Alexey: We have to motivate people for code removal. Often it's better to add than to subtract, and removing large amounts of code is more valuable than simply adding interesting new features. ClickHouse remains small and compact because we do more with less. In fact, ClickHouse has less than a million lines of code, whereas MySQL has millions.
Zou: People always says there's a new tool to really improve program communication.But one limiting factors is that even with today's big screen, you can probably only read about 80 lines of code in one screen. So that to be well versed in a one million line of code project, people wonder if I were a new employee in ClickHouse, what advice would you give so I can learn the inside out of the code?
Alexey: I would advise newcomers to first try to implement some small features, requiring changing a few lines of code, so that they can be familiar with how to build the code, how everything arranged around and where the changes have to be located. But sometimes you have to read and your mood will be lower and lower because you don't understand anything. I don't think you really need to worry too much about not being able to read the code at first, because if you keep reading for a few days, your understanding of the code will gradually improve, and then eventually a miracle will happen and it will dawn on you.
Zou: You suggestion is to learn by doing, and I think it's great. How many people on the ClickHouse team know all the code?
Alexey: No one. I also don't understand all the code, but many people understand 80% of it, and eventually the whole team's understanding stacks up.

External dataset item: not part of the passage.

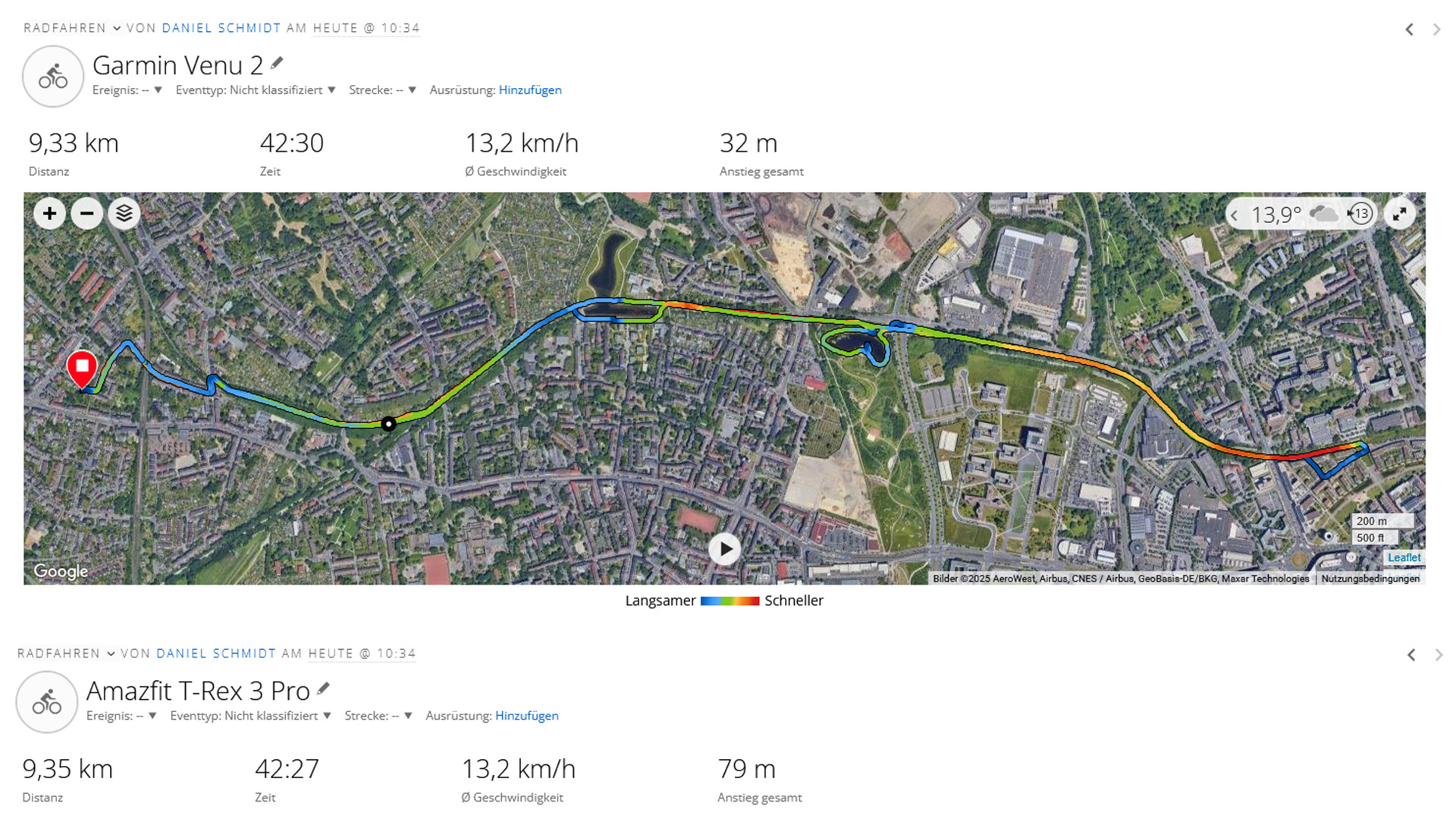 The T-Rex 3 Pro offers positioning via six satellite systems such as GPS. In the test, the connection was established without long waiting times. The determined accuracy is high, also in relation to a Garmin Venu 2 as a reference. There were only major deviations when determining the altitude meters covered on a bike tour.

So even if there's some code that you don't understand, you can still work on it if you don't touch it.
What's special about ClickHouse is that it's not "special."
After four years of promotion within the company, ClickHouse has become a core Metrica back-end service. On June 15, 2016, Yandex published a post on its official blog titled "Yandex's ClickHouse: a columnar database for the Internet", that means ClickHouse turned to open source under the Apache 2.0 license.
Alexey and the development team moved the code on ClickHouse to a Github repository under the Yandex organization and started releasing community builds and accepting external contributions. They also started regular meetups to promote ClickHouse and build a community around it. The first ClickHouse meetup started in Eastern Europe in 2016, and following the open source wave, ClickHouse has held meetups in Western Europe, the US, and China. With the first offline meetup in China in 2018, ClickHouse drew strong interest from Chinese developers, with 400 attendees on site and 1,000 online viewers.
Zou: Why has ClickHouse evolved from an internal project to an public open source project? What makes it special?
Alexey: Before ClickHouse was open sourced, it was first popular within the company. Yandex was a big company with about 10,000 employees and countless departmental systems, and ClickHouse was initially developed specifically for just one of those departments. But many other department started to use it. This made me realize that ClickHouse had the potential to be more than just an internal project.
ClickHouse is special precisely because it is not "special". Unlike other data structures that are specialized and designed for specific tasks, ClickHouse found a way to generalize it to a database management system. In other words, the strength of ClickHouse lies in its versatility and ability to adapt to different use cases.
Zou: What are the differences between ClickHouse after open source and before?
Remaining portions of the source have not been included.